Ein Wort zum Montag, dem 15. Mai 2023
VON CORNELIA SENG
Auf meinem Weg in die Kasseler Innenstadt komme ich oft daran vorbei: An dem Spruch hoch oben an der Hauswand. “DREAM OF FAIR TO MIDDLING WOMEN” steht da in Großbuchstaben. Zusammen mit dem Hinweis auf den Titel des ersten Romans von Samuel Beckett, dem irischen Literaturnobelpreisträger von 1969.
Was soll das heißen? “Dream of fair to middling women”? Die Bedeutung des Titels muss ich nachschlagen. Von Beckett kenne ich bisher nur “Warten auf Godot“. “Traum von mehr bis minder schönen Frauen” wird der Titel übersetzt. Hier in Kassel hatte sich Beckett in seine Cousine verliebt und war mehrmals zu Besuch in der Stadt. Als ganz junger Mann hat er danach dieses Buch geschrieben, sein Erstlingswerk. Es durfte erst nach seinem Tod veröffentlicht werden. Ob er den Titel selber komisch fand? Mich irritiert er. Was will er damit sagen? Dass er von Frauen träumt, die mehr bis minder schön sind? Träume eines jungen Mannes?
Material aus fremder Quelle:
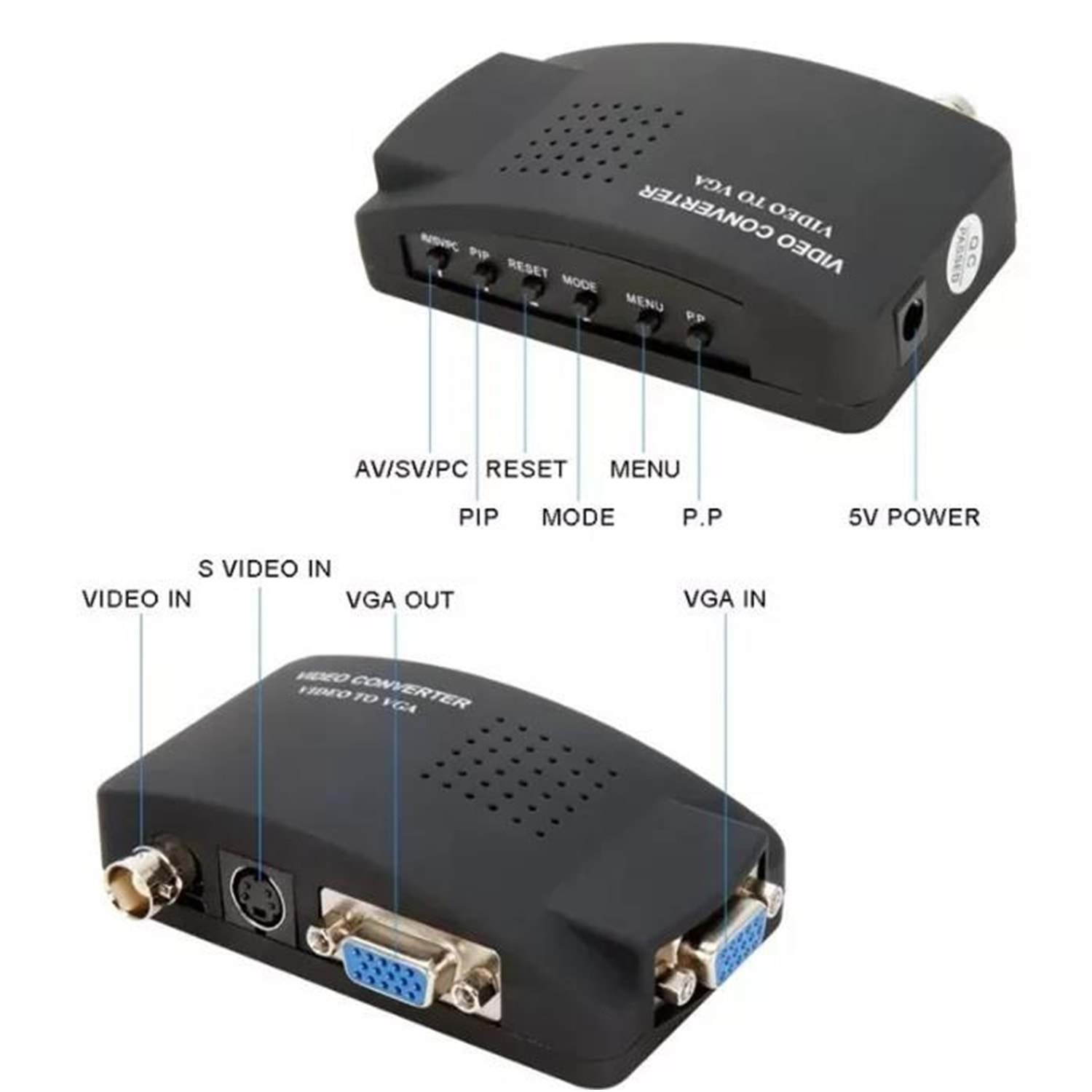 AV s-video BNC / RCA kompozit Video PC dizüstü VGA TV Video dönüştürücü adaptör kutusu

Mir fällt die Geschichte von der “verkrümmten Frau” ein. Schon achtzehn Jahre lang war sie krumm und konnte nur zu Boden gucken. Ein Geist hatte sie krumm gemacht, heißt es in der Bibel (Lk 13,10-17). Als Jesus sie sieht, ruft er sie zu sich und legt ihr die Hände auf. Stärkt ihr den Rücken. Unter seinen Händen richtet sie sich auf, kann wieder gerade gehen. Aufrecht. Ihretwegen riskiert Jesus sogar einen Streit in der Synagoge. Darf man das, Frauen zu einem aufrechten Gang verhelfen – am Sabbat? Ganz jung kann die Frau nicht mehr gewesen sein. Auch ob sie “mehr oder minder hübsch” war, spielt keine Rolle. Für Jesus ist sie eben eine “Tochter Abrahams”. Ein Mitmensch.
Die Geschichte beschäftigt mich immer wieder. Fast spüre ich die Hände Jesu auch auf meinem Rücken. Und ich strecke mich. Dass auch Frauen aufrecht und würdevoll gehen können, war Jesus offensichtlich ein Anliegen.
Aber das ist eine ganz andere Geschichte als die von Beckett.